Allow me to address an important concept in RL that will make the performance of these agents even more remarkable and perhaps surprising. Perhaps the most persistent and onerous concern in data-driven control is robustness to uncertainty. Uncertainties can arise due to inherent time-varying randomness in the environment, as well as (nearly-)static changes in the environment which manifest as distribution shift in data observed by a controller. A standard trick in RL to promote robustness is domain randomization. In this procedure, certain aspects of the environment are changed during training of a control policy. In so doing, the learner is exposed to a wider variety of situations, which are presumed to somehow make the learner “aware” of the potential uncertainties that exist and hence learns a policy that accounts for these uncertainties.

The simplest optimal control task is linear quadratic regulation (LQR), which has been argued as the natural starting point for analysis of learning-based control:

“If a machine learning algorithm does crazy things when restricted to linear models, it’s going to do crazy things on complex nonlinear models too.”

-Ben Recht

Analogously, I argue that multiplicative noise (aka stochastic system parameters) is the simplest type of domain randomization for learning-based control. Our group has extensively studied the properties of linear systems with multiplicative noise in learning-based control, and established both theoretically and empirically that designing (training) controllers in the presence of multiplicative noise does indeed produce robustness of stability to parameter uncertainty.

What is amazing about Google Brain’s permutation-invariant agents is that they achieve permutation-invariance without the need for domain randomization; during training, the order of the observations was kept constant, and only at test time was the observation ordering permuted. In fact, the permutation-invariance is explicitly considered through the design of the attention mechanism, which merges the outputs of the sensory neurons in a permutation-invariant way. This suggests that the need for domain randomization during training can be obviated if the form of the domain uncertainty is known ahead of time and can be designed into the control policy architecture.

I leave the reader with a natural follow-on question:

Is there an analogous way to design a control policy architecture that is robust to system parameter uncertainties without the need for domain randomization during training?

Adversarial Training is Not Ready for Robot Learning

Work by Mathias Lechner, Ramin Hasani, Radu Grosu, Daniela Rus, Thomas A. Henzinger

This paper was recently accepted to ICRA 2021, posted to arXiv, and summarized in this VentureBeat post.

Their research suggests that adversarial training of neural network-based image classifiers, when applied in robot learning settings, can have the opposite of the intended effect, i.e. that adversarially-trained classifiers lead to less safe system operation than their nominal counterparts.
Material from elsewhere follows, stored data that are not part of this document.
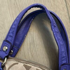 Perfect Tan with pops of purple coach shoulder bag, this bag is the cutest! Bag does not come with strap to be used as crossbody. Other than that bag is in great condition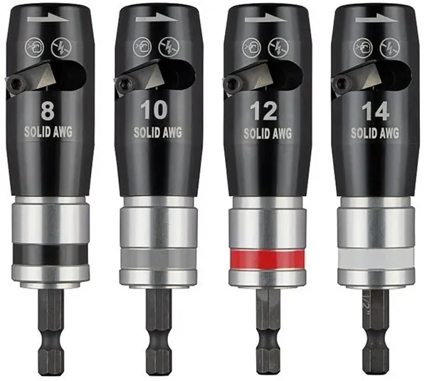 Milwaukee Tool ha lanzado nuevas herramientas pelacables para usar con taladros inalámbricos y atornilladores de impacto. Las nuevas herramientas pelacables se parecen un poco a los destornilladores de tuercas o a los adaptadores de vaso, pero en lugar de colocar tornillos, pelan el aislamiento de los extremos de los cables.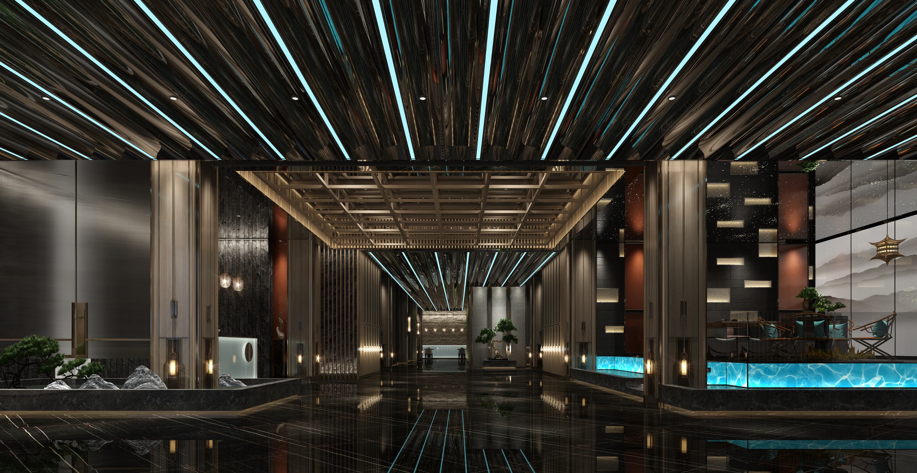 二樓公共空間,設計師在吊頂和墻面的設計上大量采用木質建材,用木質建材的交錯縱橫勾勒出獨具中式韻味的方井套疊藻井、斗拱、格扇門,配合上極具東方審美的遒勁蒼松、神異山石、潺潺水流,讓整個二樓公共空間就如同是一座大型的水榭庭院,蘊藏中式淡雅高貴之氣。

This work highlights the importance in aligning the specification of the adversarial training and the control objective. In particular, they demonstrate that the intuitive low-level training goal of maintaining high image classification accuracy under norm-bounded adversarial perturbations is not sufficient to provide the high-level goal of maintaining high safety of system trajectories under the same adversarial perturbations. This suggests that, to achieve true safety, some type of coupling between high-level control and low-level image classification must be enforced during training.

This work also highlights the large gap between theory and practice in data-driven control. In the literature on statistical learning for linear systems, rigorous guarantees of robustness are typically provided in a classical systems-theoretic sense e.g. ensuring stability of a system subject to model uncertainties and process + measurement disturbances.
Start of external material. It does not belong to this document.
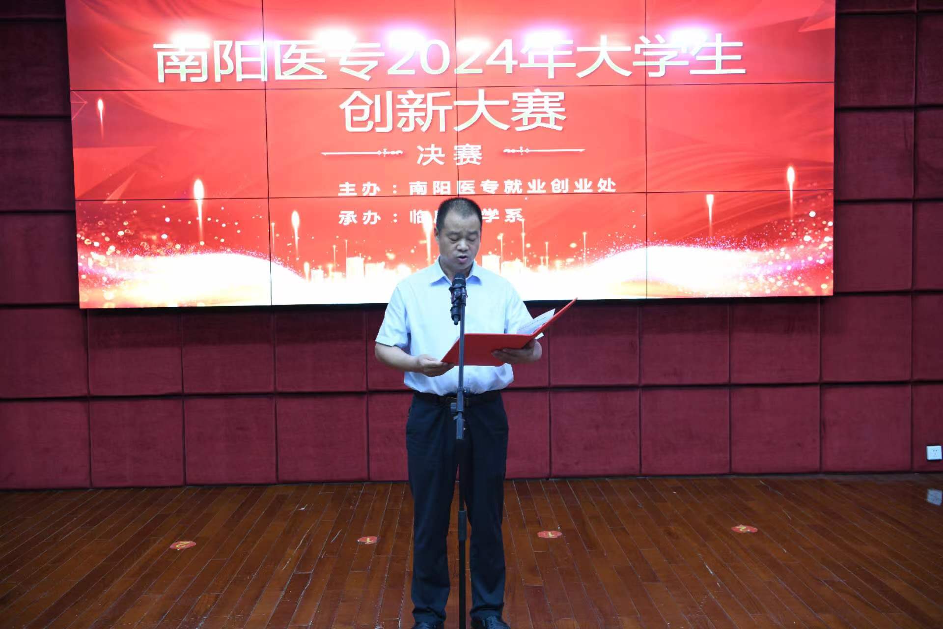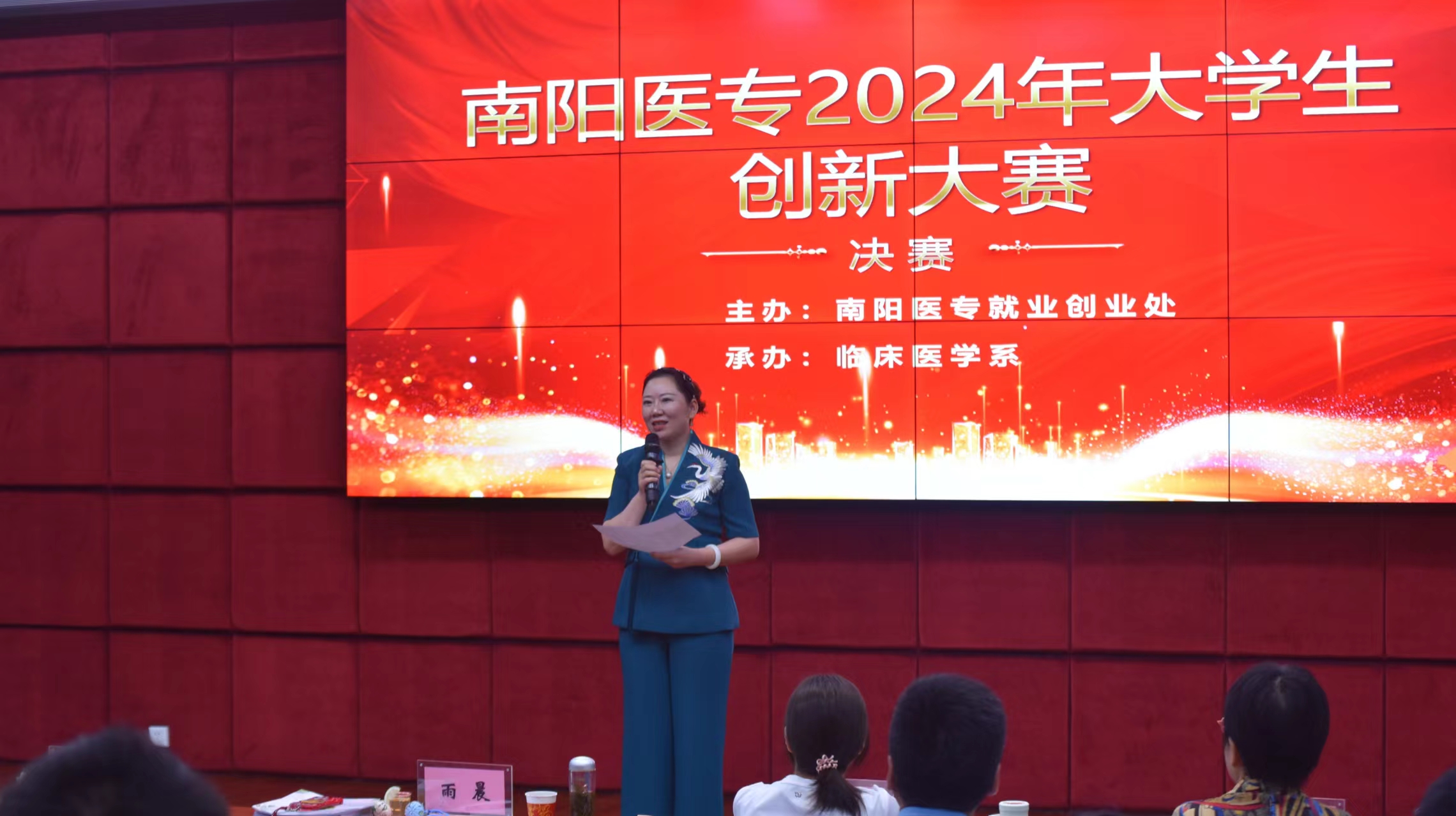 本网讯(就业创业处 华春秀 杜婧)5月31日下午,由我校就业创业处主办、临床医学系承办的南阳医专2024年大学生创新大赛决赛在图书馆5楼报告厅成功举办。校党委委员、副校长秦玖刚出席大赛并致辞。南阳市妇联副主席、南阳市创业大街党支部书记雨晨,首届河南省大学生创业指导名师、南阳师范学院教授张炳兰,河南省高校就业创业工作专家库专家、河南工业职业技术学院测绘环保工程学院党总支书记贾杏,南阳理工学院就业创业指导名师常雪瑞及我校马克思主义学院、人事处、学生健康服务与心理咨询中心主要负责同志担任本次大赛评委。各系(院)领导、指导老师、12个参赛项目团队成员及二百余名在校学生现场观看了比赛,全校师生通过线上同步直播收看。

For instance, in the CONLab work “Policy Iteration for Linear Quadratic Games with Stochastic Parameters” (IEEE Xplore) (ResearchGate) we consider the setting of a linear system with full-state linear feedback control. We combine stochastic parameters as a device during control design to induce robustness to structured parametric uncertainty, with additive adversarial disturbances to handle unstructured model uncertainty. We also draw an analogy with the machine learning literature, where unstructured uncertainty is addressed by adversarial training examples, while structured uncertainty is addressed by domain randomization.

On the other hand, to control more complicated nonlinear systems, practitioners often use highly expressive neural networks for encoding and approximating value functions and control policies, as well as for processing raw measurements e.g. LiDAR and video image data, whose post-training behavior is not fully understood. Ensuring safety of neural network-based controllers in robot applications may be possible if the control safety can be meaningfully related to the neural network sensitivity using e.g. the Lipschitz constant (e.g. “Efficient and Accurate Estimation of Lipschitz Constants for Deep Neural Networks” arXiv) or constraining predictions to a safety set in the output space (e.g. “Safety Verification and Robustness Analysis of Neural Networks via Quadratic Constraints and Semidefinite Programming” arXiv).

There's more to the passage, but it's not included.